» The problem
Set down the data below in full, exactly as it reads, but without the pictures.

» Supplied data
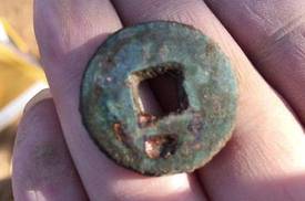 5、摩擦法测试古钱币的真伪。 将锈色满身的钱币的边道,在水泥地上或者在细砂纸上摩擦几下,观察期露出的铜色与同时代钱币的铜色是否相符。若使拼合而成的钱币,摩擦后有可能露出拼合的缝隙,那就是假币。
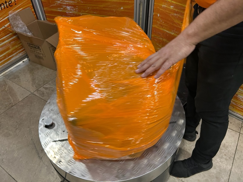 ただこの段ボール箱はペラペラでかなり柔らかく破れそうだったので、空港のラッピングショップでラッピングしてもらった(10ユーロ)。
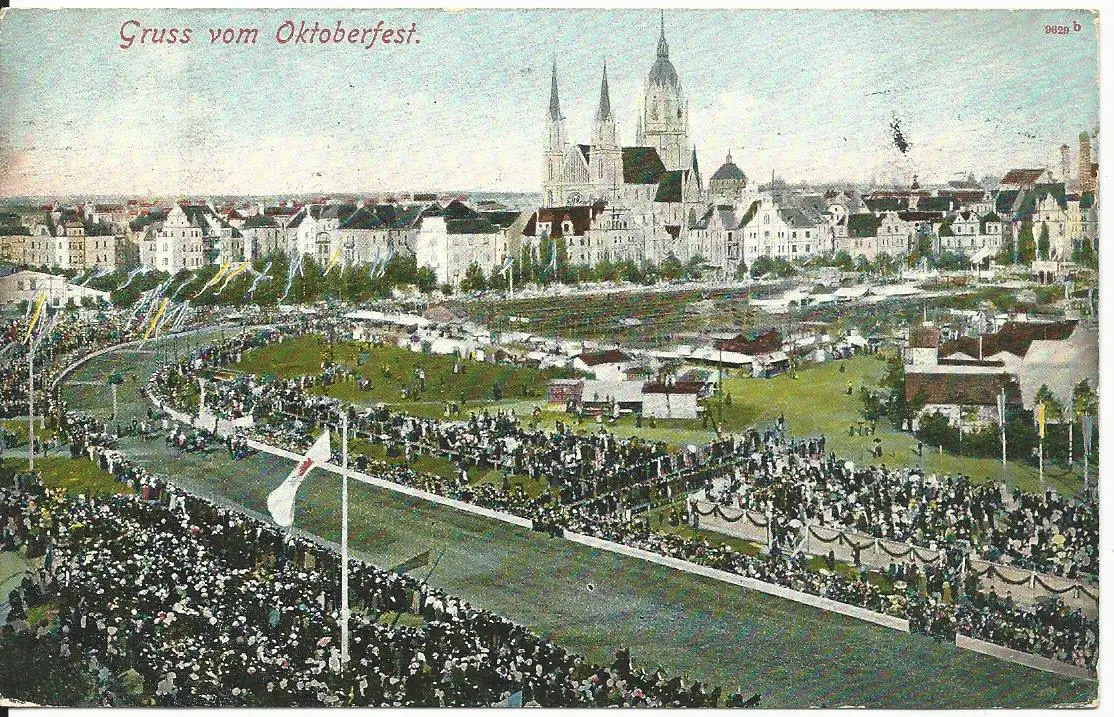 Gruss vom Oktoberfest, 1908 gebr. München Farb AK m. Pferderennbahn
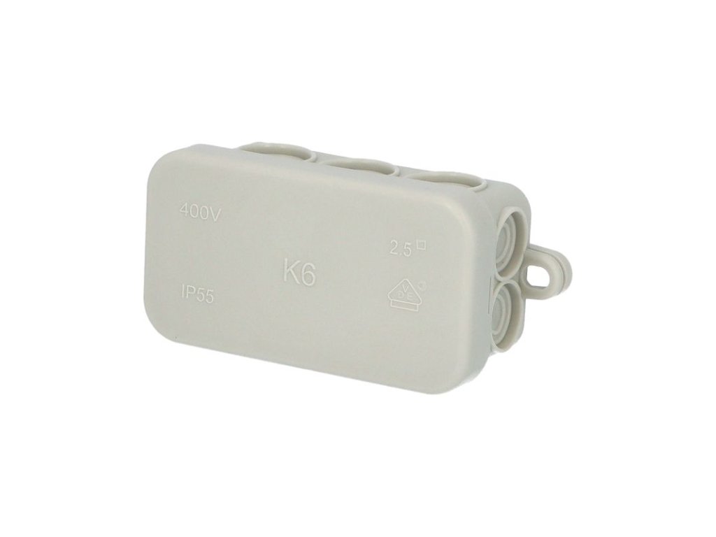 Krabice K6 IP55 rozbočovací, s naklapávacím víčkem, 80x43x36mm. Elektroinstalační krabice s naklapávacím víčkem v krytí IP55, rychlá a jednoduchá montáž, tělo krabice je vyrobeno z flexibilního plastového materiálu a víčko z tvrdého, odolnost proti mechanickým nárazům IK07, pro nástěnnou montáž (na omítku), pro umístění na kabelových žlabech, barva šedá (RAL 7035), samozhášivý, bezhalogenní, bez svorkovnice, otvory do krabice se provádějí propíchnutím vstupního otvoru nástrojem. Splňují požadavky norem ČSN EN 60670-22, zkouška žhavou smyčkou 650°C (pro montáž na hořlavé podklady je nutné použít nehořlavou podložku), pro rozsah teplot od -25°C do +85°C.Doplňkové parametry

» Written solution
 5、摩擦法测试古钱币的真伪。 将锈色满身的钱币的边道,在水泥地上或者在细砂纸上摩擦几下,观察期露出的铜色与同时代钱币的铜色是否相符。若使拼合而成的钱币,摩擦后有可能露出拼合的缝隙,那就是假币。
 ただこの段ボール箱はペラペラでかなり柔らかく破れそうだったので、空港のラッピングショップでラッピングしてもらった(10ユーロ)。
 Gruss vom Oktoberfest, 1908 gebr. München Farb AK m. Pferderennbahn
 Krabice K6 IP55 rozbočovací, s naklapávacím víčkem, 80x43x36mm. Elektroinstalační krabice s naklapávacím víčkem v krytí IP55, rychlá a jednoduchá montáž, tělo krabice je vyrobeno z flexibilního plastového materiálu a víčko z tvrdého, odolnost proti mechanickým nárazům IK07, pro nástěnnou montáž (na omítku), pro umístění na kabelových žlabech, barva šedá (RAL 7035), samozhášivý, bezhalogenní, bez svorkovnice, otvory do krabice se provádějí propíchnutím vstupního otvoru nástrojem. Splňují požadavky norem ČSN EN 60670-22, zkouška žhavou smyčkou 650°C (pro montáž na hořlavé podklady je nutné použít nehořlavou podložku), pro rozsah teplot od -25°C do +85°C.Doplňkové parametry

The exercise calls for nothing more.